Spiritual/World View

A Hindu Vendata truth is that "the whole world is one family." It is said that there is only one disease, the disease of separateness, separating oneself from the awareness that we are one living organism. Competition creates isolation. The spiritual challenge presented by hypoglycemia and diabetes appears to be involved with over- or under-valuing the self: judgment of self and then others. Where are we in the process of getting to the truth that we are all equally important? The drama created by a one-up or one-down dynamic that we may allow to be part of our experience can lead to psychophysiology and the behavioral issues which can contribute to and create Mature Onset Diabetes.
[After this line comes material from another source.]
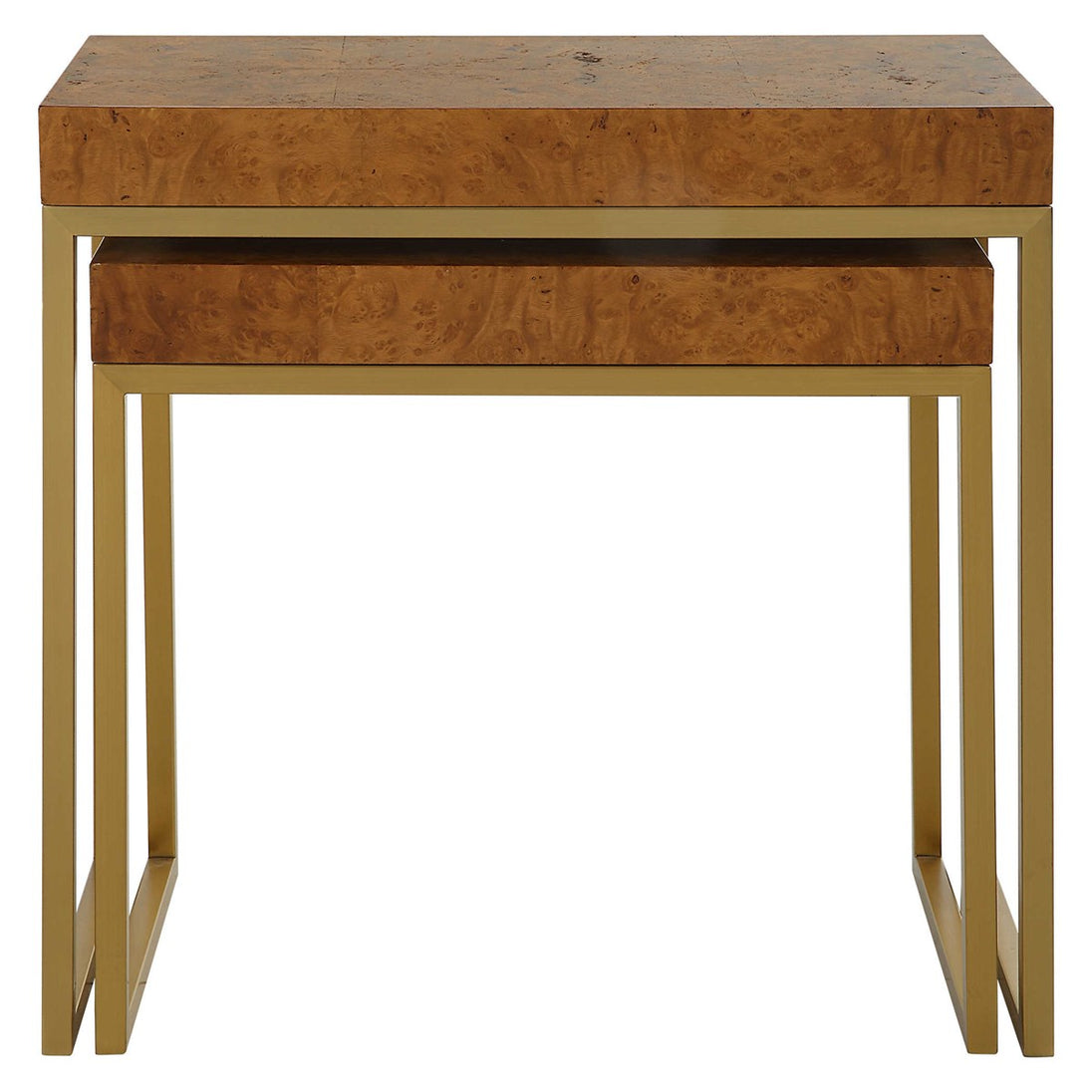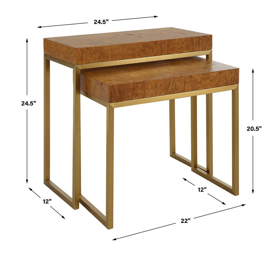 Timeless yet modern, the Burl-esque Nesting Tables feature mappa burl veneer in rich pecan with subtle sheen. The streamlined bases pair beautifully in brushed brass stainless steel.

Expanding your knowledge of whole health can transform your experience of taking care of yourself. It can provide an understanding of our health concerns and conditions from this multi-dimensional perspective that makes sense in a way we can utilize the information directly and in a meaningful way. In addition, having the information provided in a mindful, respectful way that invites each of us to discern what we know about our health and condition, how to choose to resolve the problem and what kind of care we choose to have, allows each of us to experience whole-person health care through whole health information. Then, WE become the center of our health and healing process, rather than the doctors or practitioners we go to for guidance.